Is ScalaCheck's Gen.pick really random?
Asked Answered
C

2

6

I observed the following unexpected behaviour when using ScalaCheck's Gen.pic, which (for me) indicates that its picking is not quite random, even though its documentation says so:

/** A generator that picks a given number of elements from a list, randomly */

I ran the below three little programs in order (in a span of 2 days, at different times, as it might matter) after setting

implicit override val generatorDrivenConfig = PropertyCheckConfig(
  maxSize = 1000, 
  minSize = 1000, 
  minSuccessful = 1000)

to get a decent sample size.

Program #1

val set = Set(1,2,3,4,5,6,7,8,9,10,
      11,12,13,14,15,16,17,18,19,20,
      21,22,23,24,25,26,27,28,29,30,
      31,32,33,34,35,36,37,38,39,40,
      41,42,43,44,45,46,47,48,49,50)

// Thanks to @Jubobs for the solution
// See: https://mcmap.net/q/1777762/-how-can-i-generate-a-list-of-n-unique-elements-picked-from-a-set
val g = Gen.pick(3, set).map { _.toList }
forAll (g) { s => println(s) }

Out of the 3000 numbers generated at 2 different runs I got a surprisingly similar, and quite non-random distribution (numbers are rounded, only top 5 listed, as for all listing from here on):

  • Number: frequency in run #1, frequency in run #2
  • 15: 33%, 33%
  • 47: 22%, 22%
  • 4: 15%, 16%
  • 19: 10%, 10%
  • 30: 6%, 6%

(Disclaimer: I couldn't find how to create a table here other then this way)

Program 2

val list: List[Int] = List.range(1, 50)
val g = Gen.pick(3, list)
forAll (g) { s => println(s) }

In case of using a List, the numbers seem to get "stuck" at the end of the range (3x1000 numbers in case of both runs):

  • 49: 33%, 33%
  • 48: 22%, 22%
  • 47: 14%, 14%
  • 46: 10%, 10%
  • 45: 6%, 6%

Interestingly, the frequencies are pretty much the same as in the case of Program 1.

Remark: I repeated the runs for lists up to 10 times, and experienced the very same distribution with +/- 1% differences, just didn't want to list all the numbers here in this strange "table" format.

Program 3

Just to spice up things a bit, I ran a third little snippet, creating the Set (Program 1) from a List (Program 2):

val set: Set[Int] = List.range(1, 50).toSet
val g = Gen.pick(3, set).map { _.toList }
forAll (g) { s => println(s) }

Now the numbers are the same as for Program 2 (List wins!), although the frequencies (again, for 3*1000 numbers in 2 runs) got slightly different at the end:

  • 49: 33%, 33%
  • 48: 23%, 22%
  • 47: 16%, 15%
  • 46: 9%, 10%
  • 45: 7%, 6%

Question

Even though the sample size is not enough (as it is never enough) to tell true randomness, I can't help but question Gen.pick's claimed randomness (as far as using it out-of-the-box, I might need to set some seed for it to work "more" randomly), since numbers got "stuck", and frequencies are almost the same.
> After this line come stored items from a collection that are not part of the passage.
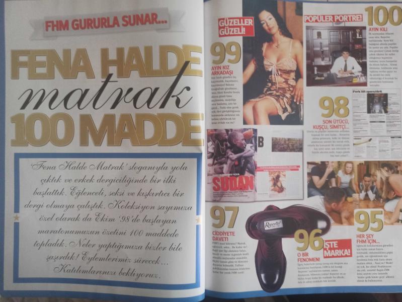 FHM Aktüalite Sinema Tiyatro Müzik ve Gençlik Mecmuası Dergisi - Kasım 2005 - Tera Cevaplıyor - Dünyadan Seks - FHM Melekleri - Arka Depo - FHM Spor - Takıl - Hastane - Sophia Marceau - Hayvanlar Alemi - Atari Salonu mu Dediniz? - Kuklalar Sahneye! - Nostaljik Kafe - X Large Sloganla - Dünyanın En Sinir Projeleri - Hızlı Biraderler - Doğum Günü Pastası - Melissa George - Dünyadan Seks - Minki Van Der Westhuizen - Charlize Theron - Mickey Rourke - Güzeller Güzeli - Azra Akın - Her Şey Film İçin - O Bir Fenomen - Ciddiyete Davet! - Depremzedelere Yardım - Özlem Tekin Soyundu - Tatil Olayı - Tam İsabet - Biz Keşfettik - Ansiklopedi Çıkarttık - Baydık Baydırdık! - Hepsi Bir Arada - Feministleri Kızdırdık - Ruhunuzu Besledik - Oskar Dağıttık - Hollywood'u Bile Solladık - FHM Gazete Günleri - Seks Sırlarını Açığa Çıkarttık! - Mutfakta Biri Var - Okurlarla Buluştuk - Biz 5 Yaşındayken - Sürgündeki Tarih - En Hassas Konular FHM'de - Global Seks Araştırması fotoğraf ve haberi - Tam Takım Dergi Yıpranma, sararmalar ve yırtılmalar zamana bağlı olarak görülebilir.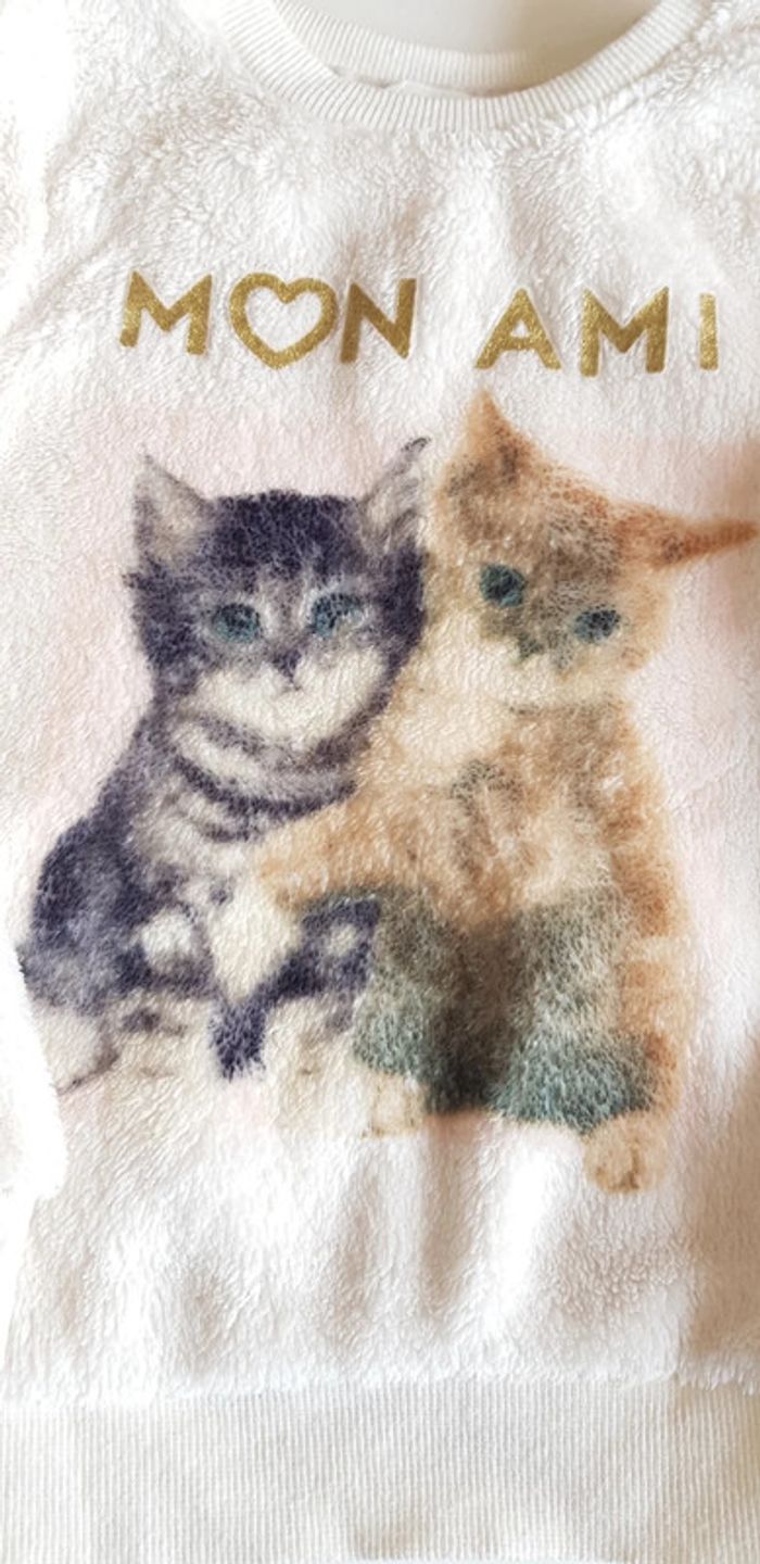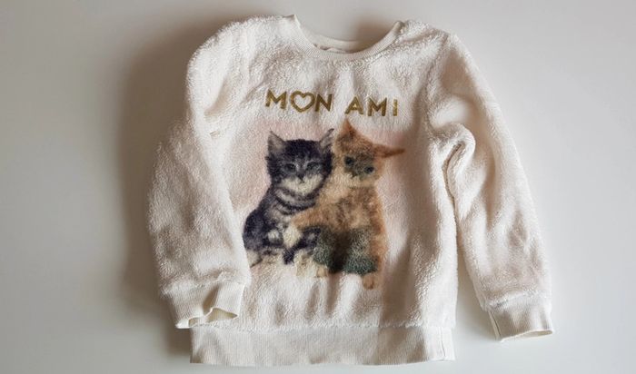 Sweat-shirt H&M Taille 4 ans Coloris ecru avec motif chats Matiere pilou Très bon état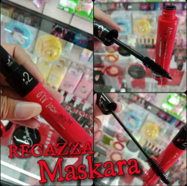 ( PROMO HARI INI BUY 2 free LIP CREAM ) REGAZZA MASCARA 2 in 1 WATERPROOF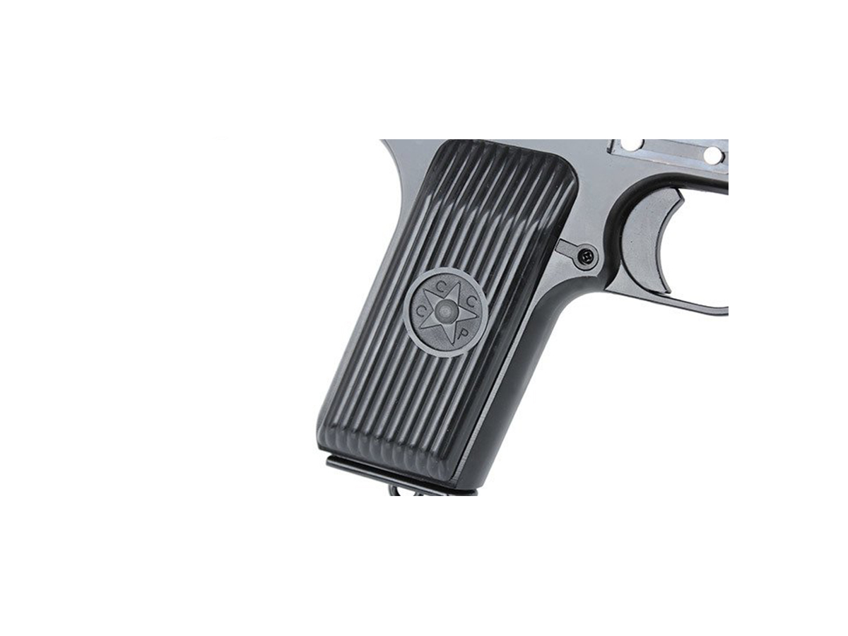Replica este fabricata in intregime din metal. Preselele sunt din plastic si prezinta marcajele sovietice. Butonul pentru eliberarea incarcatorului este pe partea stanga, deasemenea si slide-catch-ul. Asemenea armei adevarate, acest pistol este semi-automat, insemnand ca pentru fieare apasare a tragaciului este actionata o bila si alimentata urmatoarea. Sistemul de ochire este fix dar bine aliniat. In parta stanga jos, exista un sistem de prindere a cordelinei de siguranta.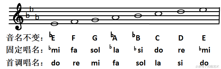 另一种叫首调唱名法,就是用什么大调的调号,就把那个音唱成do,比如bE大调的调号,就把bE音唱成do,按照调式的音级关系依次把I~VII级唱作do、re、mi、fa、sol、la、si。因为各个大调音级之间的音程关系是固定的,在视唱时可以避免出现过多的升降号,较容易把握音准。这种唱名法与简谱的记谱是对应的,所以比较适合简谱的视唱,比如简谱里面开头出现的1=bE,就是把bE唱作do的意思。(见上图)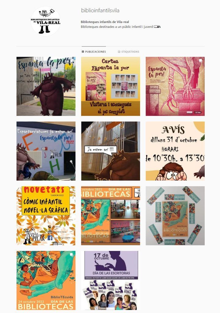 Las bibliotecas infantiles de Vila -real han aumentado su oferta en las redes sociales. Desde mediados de octubre se ha puesto en marcha una cuenta conjunta en Instagram con el objetivo de difundir las actividades culturales y de animación a la lectura, novedades literarias, efemérides, horarios, etc. No es la primera vez que las bibliotecas infantiles utilizan las redes sociales para divulgar eventos y actos, ya que, además de la página de internet del Servicio Municipal de Bibliotecas de Vila -real, cada una de ellas dispone de manera individual de una cuenta en la red Facebook. Así pues, con la apertura de una cuenta en Instagram, apoyada fundamentalmente por imágenes y vídeos, las bibliotecas infantiles se han unido en esta red social con el propósito de llegar a un mayor número de usuarios y potenciales seguidores gracias a una mayor visibilidad de sus actividades bibliotecarias.

Upon looking at Gen.pick's source code, at line #672 a certain seed0 is used:

def pick[T](n: Int, l: Iterable[T]): Gen[Seq[T]] = {
    if (n > l.size || n < 0) throw new IllegalArgumentException(s"invalid choice: $n")
    else if (n == 0) Gen.const(Nil)
    else gen { (p, seed0) =>
    // ...

which I can't find defined anywhere else (in Gen.scala source code, or in scala.util.Random documentation), but I have a hunch it might have something to do with the observed behaviour. Is this expected behaviour of Gen.pick? If so, how can I get "more" random picking?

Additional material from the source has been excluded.